At UND, a NASA trailer helping scientists learn how to live on other worlds

Project brings opportunities for students, benefits for North Dakota and better odds for America’s deep-space success

A mobile wastewater treatment system built at NASA’s Kennedy Space Center in Florida that can help prepare for long-duration missions on the Moon and Mars arrived recently at UND. Graduate students at the university will test the technology under conditions designed to closely mimic the challenges of operating on another planetary surface.
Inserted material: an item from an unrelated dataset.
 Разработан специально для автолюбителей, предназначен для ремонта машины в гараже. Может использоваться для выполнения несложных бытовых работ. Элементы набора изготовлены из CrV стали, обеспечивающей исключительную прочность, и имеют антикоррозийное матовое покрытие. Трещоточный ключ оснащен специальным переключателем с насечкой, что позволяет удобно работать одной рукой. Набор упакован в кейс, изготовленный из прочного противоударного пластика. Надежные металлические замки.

The Divergent Deployable Wastewater Treatment Facility is designed to turn crew wastewater into useful resources, which future explorers will need every day. At UND, teams will integrate this new wastewater system with the university’s Integrated Lunar/Martian Analog Habitat. Student operators and NASA researchers will study how the facility performs when connected to a habitat-like environment and exposed to the kinds of operational limits crews could face on another planet.

“NASA’s Artemis program is laying the groundwork for a sustained human presence on the Moon, where habitats will need to operate far from the steady resupply chain that supports astronauts in partial gravity,” said Luke Roberson, surface water systems lead within the Mars Campaign Office at NASA Kennedy. “To solve that challenge, we are developing the future of sustainable lunar surface systems to process wastewater into nutrient feedstocks for plants and biomanufacturing.”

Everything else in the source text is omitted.